In the given exercise, to find a normal vector to the plane containing two lines, we performed a cross product of the direction vectors from the lines.

• First Direction Vector: \( \langle 2, -1, 6 \rangle \)
• Second Direction Vector: \( \langle 1, 1, -3 \rangle \)

To calculate the cross product, the determinant approach is often used, involving calculating the components systematically:

• \( (-1)(-3) - (6)(1) = -3 \)
• \( (6)(1) - (2)(-3) = 12 \)
• \( (2)(1) - (-1)(1) = 3 \)

Thus, the resulting vector \( \langle -3, 12, 3 \rangle \) serves as the normal vector for the plane.

Understanding the normal vector is crucial when determining the equation of a plane. The normal vector is a vector that is perpendicular to the plane, and it influences the plane's orientation in 3D space. Essentially, it is an important descriptor of the plane.

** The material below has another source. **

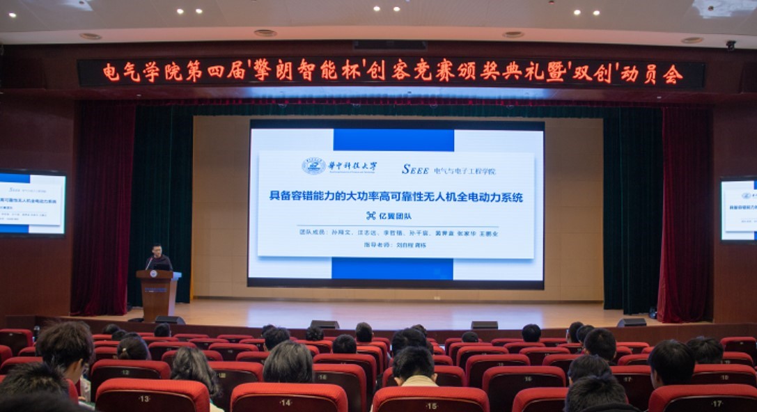 颁奖典礼之后进行了“双创”动员。来自风月文学网 的四支优秀“挑战杯”队伍,依次上台向同学们展示了他们的项目。由刘自程和蒋栋教授指导的“亿翼团队”向大家展示了“具备容错能力的大功率高可靠性无人机全电动力系统”。该项目针对现有无人机动力系统存在的容错能力不足,工作性能低等问题提出了自己的解决方案。他们采用多相电机结构,双层绕组及开绕组结构等设计,从多方面提升了无人机动力系统的性能。

To find the normal vector, as in the exercise, one common method is to utilize the cross product of two non-parallel direction vectors that lie on the plane. From the cross product calculated earlier:

• Normal Vector: \( \langle -3, 12, 3 \rangle \)

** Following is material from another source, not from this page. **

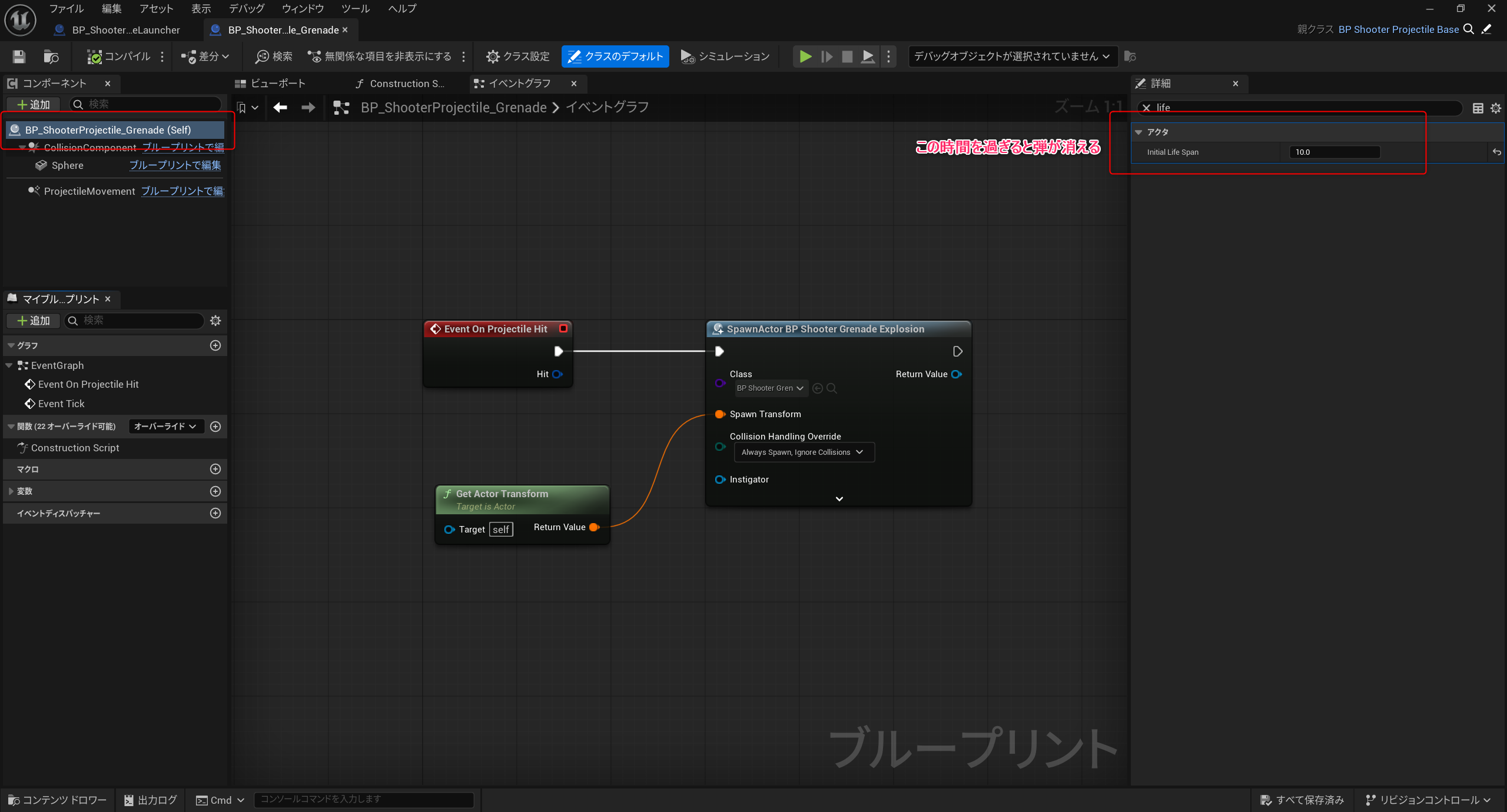 「BP_ShooterProjectile_Grenade」のイベントグラフを開き、下記の通り実装します。

The coordinates of the normal vector correspond to the coefficients in the plane equation. This vector ensures that the plane is defined accurately in three-dimensional space, providing a perpendicular 'anchor' for its orientation.

Parametric equations are a way to express a geometric figure, like a line, using parameters. Unlike symmetric form, which compactly represents a line, parametric equations allow each coordinate to be expressed individually in terms of one or more parameters.

In the context of the exercise, transforming the symmetric form into parametric equations is essential in finding the direction vector of a line. For example, from the provided symmetric form line \( \frac{x-1}{2} = \frac{y+1}{-1} = \frac{z-5}{6} \), we can derive its parametric equations:

• \( x = 1 + 2t \)
• \( y = -1 - t \)
• \( z = 5 + 6t \)

These equations portray not only one specific point on the line but rather an infinite series of points as the parameter \( t \) varies. This form is particularly useful because it simplifies the process of deriving essential elements like points or direction vectors, which are needed in vector operations.

The symmetric form of a line is a concise representation important in both algebra and geometry. It describes the line in terms of its relationship to its direction ratios, which is usually very compact and efficient.

This format can be seen in the exercise as \( \frac{x-1}{2} = \frac{y+1}{-1} = \frac{z-5}{6} \). Each part of the equation signifies the line's direction ratios (or components of the direction vector):

• Direction for \( x \): 2
• Direction for \( y \): -1
• Direction for \( z \): 6

To extract concrete data, such as parametric equations or direction vectors, one may need to break the symmetric form down into individual parametric components. However, the symmetric form remains a powerful way to visually encode a line's directions and structure, especially when determining intersections or constructing planes.